Problem: When N changes, almost all keys need to move. This is expensive and causes massive data transfer.

Fixed Number of Partitions

Create many more partitions than nodes, then assign multiple partitions to each node.

graph TB
    subgraph "Initial: 4 nodes, 16 partitions"
        N1[Node 1:<br/>P0, P1, P2, P3]
        N2[Node 2:<br/>P4, P5, P6, P7]
        N3[Node 3:<br/>P8, P9, P10, P11]
        N4[Node 4:<br/>P12, P13, P14, P15]
    end

    subgraph "Add Node 5: Rebalance partitions"
        N1B[Node 1:<br/>P0, P1, P2]
        N2B[Node 2:<br/>P4, P5, P6]
        N3B[Node 3:<br/>P8, P9, P10]
        N4B[Node 4:<br/>P12, P13, P14]
        N5B[Node 5:<br/>P3, P7, P11, P15]
    end

    N1 -.->|Move P3| N1B
    N2 -.->|Move P7| N2B
    N3 -.->|Move P11| N3B
    N4 -.->|Move P15| N4B

    style N5B fill:#90EE90

How it works:

Create fixed number of partitions (e.g., 1000 partitions)
Each node owns several partitions
When new node added: Steal a few partitions from existing nodes
Partitions themselves don't change, just reassigned to different nodes

class FixedPartitionCluster:
    def __init__(self, num_partitions=1000):
        self.num_partitions = num_partitions
        self.partition_to_node = {}  # partition_id -> node_id
        self.nodes = set()

    def add_node(self, node_id):
        self.nodes.add(node_id)

        if len(self.nodes) == 1:
            # First node gets all partitions
            for p in range(self.num_partitions):
                self.partition_to_node[p] = node_id
        else:
            # Rebalance: steal some partitions from existing nodes
            partitions_per_node = self.num_partitions // len(self.nodes)
            partitions_to_steal = partitions_per_node

            for p in range(self.num_partitions):
                if partitions_to_steal > 0:
                    self.partition_to_node[p] = node_id
                    partitions_to_steal -= 1

    def get_node(self, key):
        # Hash key to partition
        partition = hash(key) % self.num_partitions
        # Look up which node owns this partition
        return self.partition_to_node[partition]

# Example
cluster = FixedPartitionCluster(num_partitions=16)
cluster.add_node('node1')  # Gets all 16 partitions
cluster.add_node('node2')  # Steals 8 partitions from node1
cluster.add_node('node3')  # Steals partitions from node1 and node2

Advantages:

Only entire partitions moved (clear boundaries)
Can move partition while continuing to serve reads/writes (replica takes over)
Number of partitions doesn't change

How to choose number of partitions?:

Too few: Can't distribute evenly across many nodes
Too many: Management overhead

Rule of thumb: Choose number of partitions so each partition is neither too big nor too small

Example: 1TB dataset, 10GB per partition → 100 partitions

Real-world examples:

Riak: 64 partitions per node (if cluster has 10 nodes → 640 partitions)
Elasticsearch: Shards created upfront, can't change without reindexing
Couchbase: 1024 vBuckets per bucket

Limitation: Number of partitions fixed upfront.

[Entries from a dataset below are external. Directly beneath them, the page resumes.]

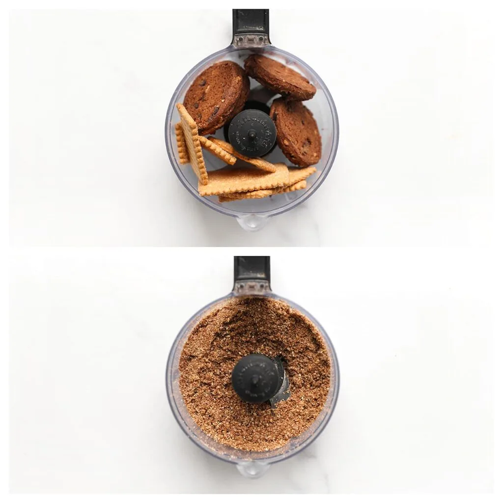 Samelji oba keksa (čajne i s komadićima čokolade) u sitne mrvice.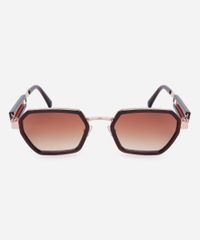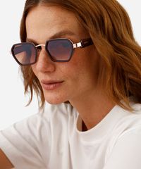 Óculos de sol desenvolvido em metal resistente na cor dourada, com formato oval e as extremidades arredondadas. A lente na cor marrom, a ponte em U e plaquetas embutidas. Com proteção da lente UVA e UVB.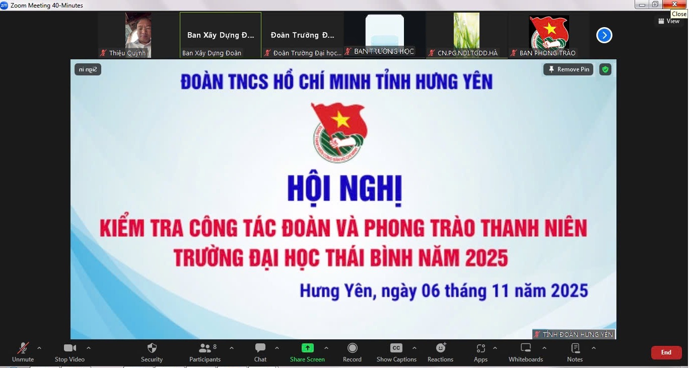 Sáng ngày 06/11/2025, BTV Tỉnh đoàn kiểm tra công tác Đoàn và phong trào thanh niên trường Đại học Thái Bình 6 tháng đầu năm học 2025-2026 bằng hình thức trực tuyến

If dataset grows beyond initial estimate, partitions become too large.

Dynamic Partitioning

Create partitions dynamically based on data size. When partition grows too large, split it. When partition shrinks too small, merge it.

graph TB
    subgraph "Initial State"
        P1[Partition 1<br/>Size: 5GB<br/>Range: A-M]
        P2[Partition 2<br/>Size: 15GB<br/>Range: N-Z<br/>🔥 TOO BIG!]
    end

    subgraph "After Split"
        P1A[Partition 1<br/>Size: 5GB<br/>Range: A-M]
        P2A[Partition 2a<br/>Size: 8GB<br/>Range: N-T]
        P2B[Partition 2b<br/>Size: 7GB<br/>Range: U-Z]
    end

    P1 -.-> P1A
    P2 -.->|Split at<br/>threshold| P2A
    P2 -.-> P2B

    style P2 fill:#ff6b6b
    style P2A fill:#99ccff
    style P2B fill:#99ccff

How it works:

class DynamicPartitionDB:
    def __init__(self, split_threshold=10_000, merge_threshold=1_000):
        self.split_threshold = split_threshold  # e.g., 10GB
        self.merge_threshold = merge_threshold   # e.g., 1GB
        self.partitions = [Partition(0, key_range=('', '~'))]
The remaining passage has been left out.